If you look at this, Raman spectroscopy potential blood based diagnostic test, then it appears to indicate that people with ME/CFS have impaired cellular energy production [https://pubs.rsc.org/en/content/articlelanding/2018/an/c8an01437j#!divAbstract]. I.e. all of those tested had the same result - elevated intracellular phenylalanine.
Same goes for Ron Davis's data from the Seahorse (impaired cellular energy production) and the nano needle [impedence test].
Ron Tompkins pointed out that some diseases have different starting points but converge on a common outcome [OMF Symposium 2018 - my summary].

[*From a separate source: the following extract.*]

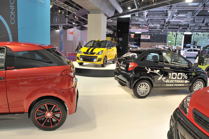 Les visiteurs du Mondial de l’Auto ont pu les remarquer discrètement sur le stand Aixam : la marque s’apprête à doubler sa gamme de VSP « thermiques » (entendez « diesel » !) par des « e-Aixam » à motorisations électriques. A vrai dire, ce n’est pas la première fois qu’Aix-les-Bains propose ce genre d’initiative : outre les Mega Multitruck et e-Worker ainsi équipés, on compte aussi la berline City (sur base Crossline), qui marie batteries lithium-ion et puissance de quadricycle lourd. Sans parler de prototypes qui avaient été dévoilés ça et là dans le passé, sur base 325i ou A540… Cette fois, le basculement vers les batteries lithium semble se faire pour de bon pour des véhicules à destination des particuliers, à fortiori en « sans permis », ou l’offre de modèles « tourisme » est relativement limitée (Estrima, Little, Renault).

But, take a disease like a solid tumor cancer. It may look and behave similarly from patient to patient, but there are different metabolic triggers, environmental influences, and each tumor can contain differently mutated genes. And worse, the same treatment can either help or hurt patients due to their unique idiosyncracies.
I've met over 50 other women who all had the exact same "national standard of care" total hysterectomy and carboplatin/paclitaxel chemotherapy. I beat the odds and am cancer free, though others have had up to 3 occurrences, some have died, but I was the only one to end up with ME/CFS.
Same disease, different triggers, and different out comes from the same treatment. This is the fallacy of evidence based medicine. We aren't widgets, and though some factors are the same, our genetics, amount of accumulated DNA damage, level of toxicity, our diets and many other factors will confound standardized treatment.
What we need is data. E.g. does everyone with ME/CFS have elevated intracellular tryptophan (Phair OMF Symposium 2018]?
What we need is a healing treatment plan with a set of tools that can be used to individualize treatment, as is done to optimize patients function and outcomes in cancer, Parkinson's, and autoimmune diseases.